━━ EXERCISE INPUT
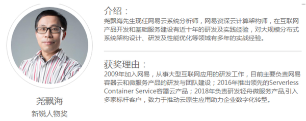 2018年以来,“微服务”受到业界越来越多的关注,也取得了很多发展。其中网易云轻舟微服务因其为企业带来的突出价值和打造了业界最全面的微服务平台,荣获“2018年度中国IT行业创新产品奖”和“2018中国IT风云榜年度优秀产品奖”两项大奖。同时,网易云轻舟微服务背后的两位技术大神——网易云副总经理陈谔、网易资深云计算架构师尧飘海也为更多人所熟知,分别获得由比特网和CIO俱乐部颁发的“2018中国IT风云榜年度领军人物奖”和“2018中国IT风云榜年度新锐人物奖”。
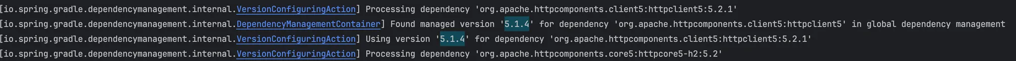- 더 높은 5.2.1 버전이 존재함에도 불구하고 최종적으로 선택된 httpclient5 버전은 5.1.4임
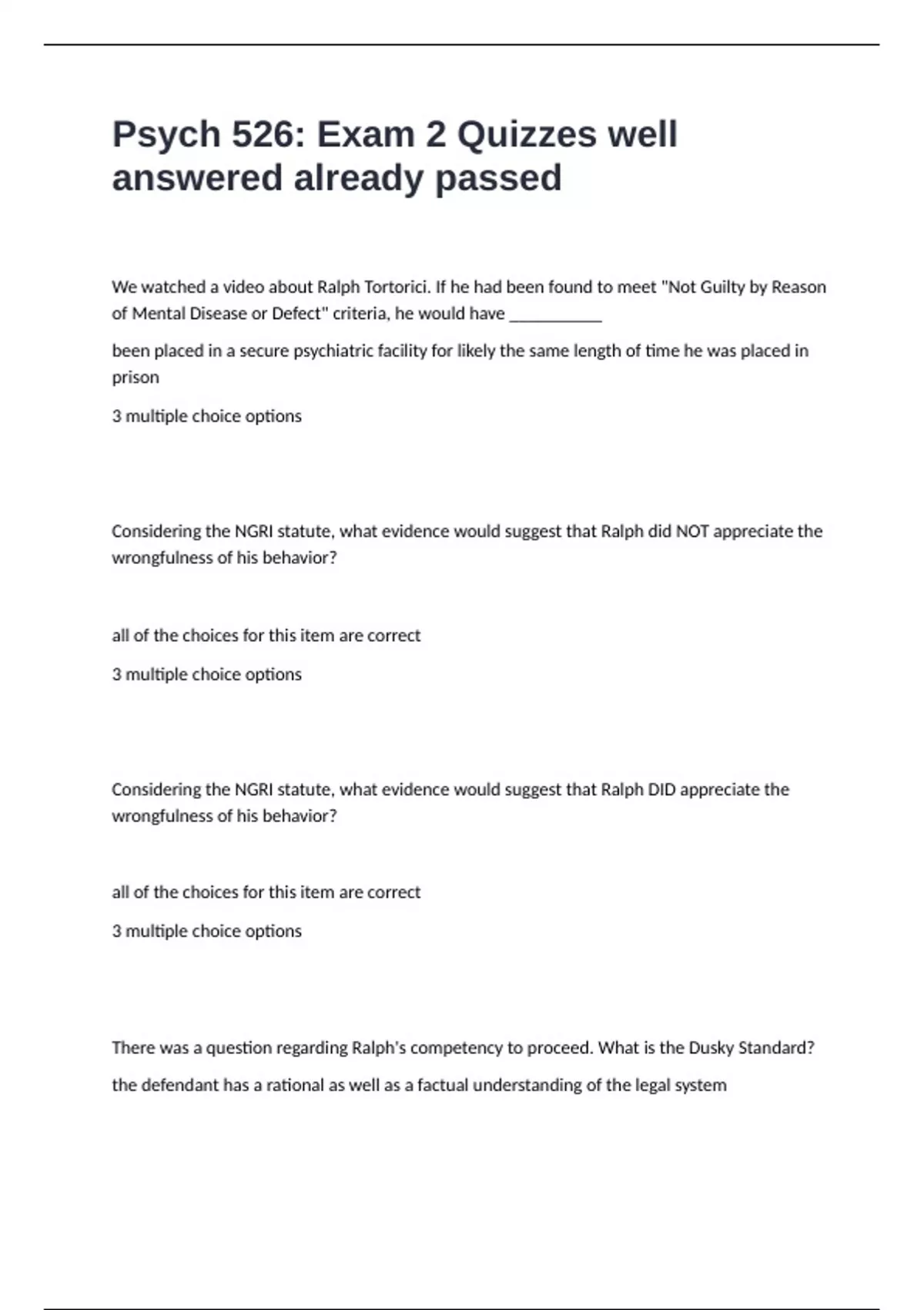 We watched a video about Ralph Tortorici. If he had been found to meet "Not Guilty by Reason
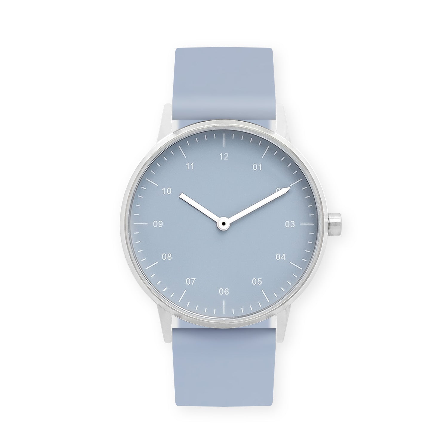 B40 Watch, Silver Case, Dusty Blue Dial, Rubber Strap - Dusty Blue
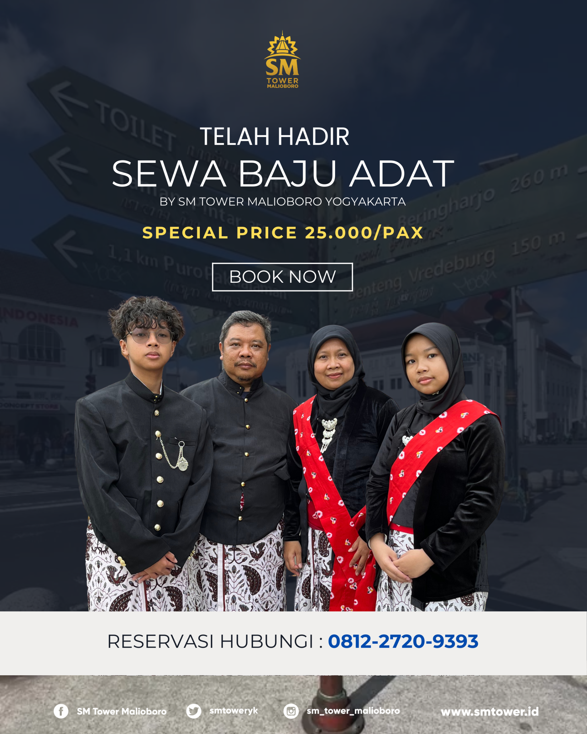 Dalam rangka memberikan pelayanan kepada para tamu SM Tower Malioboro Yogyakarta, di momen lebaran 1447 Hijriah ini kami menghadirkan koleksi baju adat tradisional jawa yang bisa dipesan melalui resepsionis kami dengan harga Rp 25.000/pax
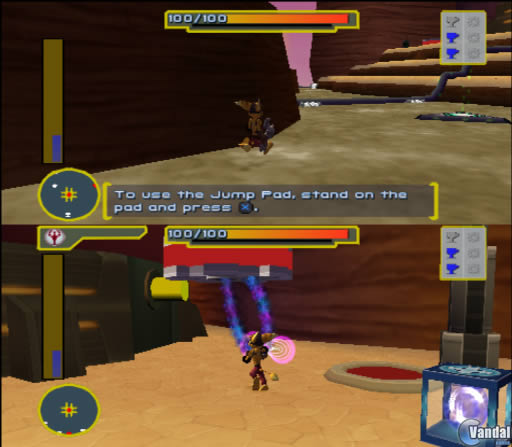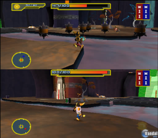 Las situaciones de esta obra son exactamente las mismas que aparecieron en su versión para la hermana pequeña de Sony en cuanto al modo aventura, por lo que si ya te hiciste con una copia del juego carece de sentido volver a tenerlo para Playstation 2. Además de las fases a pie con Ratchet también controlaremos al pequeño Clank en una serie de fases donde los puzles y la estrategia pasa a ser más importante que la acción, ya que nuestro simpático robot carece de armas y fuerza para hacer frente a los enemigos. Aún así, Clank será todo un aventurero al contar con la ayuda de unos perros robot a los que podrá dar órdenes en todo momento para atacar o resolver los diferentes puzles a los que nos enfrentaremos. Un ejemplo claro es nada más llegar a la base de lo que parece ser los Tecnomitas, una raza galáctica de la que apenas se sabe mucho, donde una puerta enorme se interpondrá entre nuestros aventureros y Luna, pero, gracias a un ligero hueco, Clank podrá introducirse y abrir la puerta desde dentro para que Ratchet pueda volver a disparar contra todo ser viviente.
━━━━
**EXERCISE DESCRIPTION**
Starting with the line that holds "- 더 높은 5.2.1", transcribe exactly each line through the last one of the material above, and nothing else. Do not include pictures.

**OUTPUT OF THE TASK**
- 더 높은 5.2.1 버전이 존재함에도 불구하고 최종적으로 선택된 httpclient5 버전은 5.1.4임
 We watched a video about Ralph Tortorici. If he had been found to meet "Not Guilty by Reason
 B40 Watch, Silver Case, Dusty Blue Dial, Rubber Strap - Dusty Blue
 Dalam rangka memberikan pelayanan kepada para tamu SM Tower Malioboro Yogyakarta, di momen lebaran 1447 Hijriah ini kami menghadirkan koleksi baju adat tradisional jawa yang bisa dipesan melalui resepsionis kami dengan harga Rp 25.000/pax
 Las situaciones de esta obra son exactamente las mismas que aparecieron en su versión para la hermana pequeña de Sony en cuanto al modo aventura, por lo que si ya te hiciste con una copia del juego carece de sentido volver a tenerlo para Playstation 2. Además de las fases a pie con Ratchet también controlaremos al pequeño Clank en una serie de fases donde los puzles y la estrategia pasa a ser más importante que la acción, ya que nuestro simpático robot carece de armas y fuerza para hacer frente a los enemigos. Aún así, Clank será todo un aventurero al contar con la ayuda de unos perros robot a los que podrá dar órdenes en todo momento para atacar o resolver los diferentes puzles a los que nos enfrentaremos. Un ejemplo claro es nada más llegar a la base de lo que parece ser los Tecnomitas, una raza galáctica de la que apenas se sabe mucho, donde una puerta enorme se interpondrá entre nuestros aventureros y Luna, pero, gracias a un ligero hueco, Clank podrá introducirse y abrir la puerta desde dentro para que Ratchet pueda volver a disparar contra todo ser viviente.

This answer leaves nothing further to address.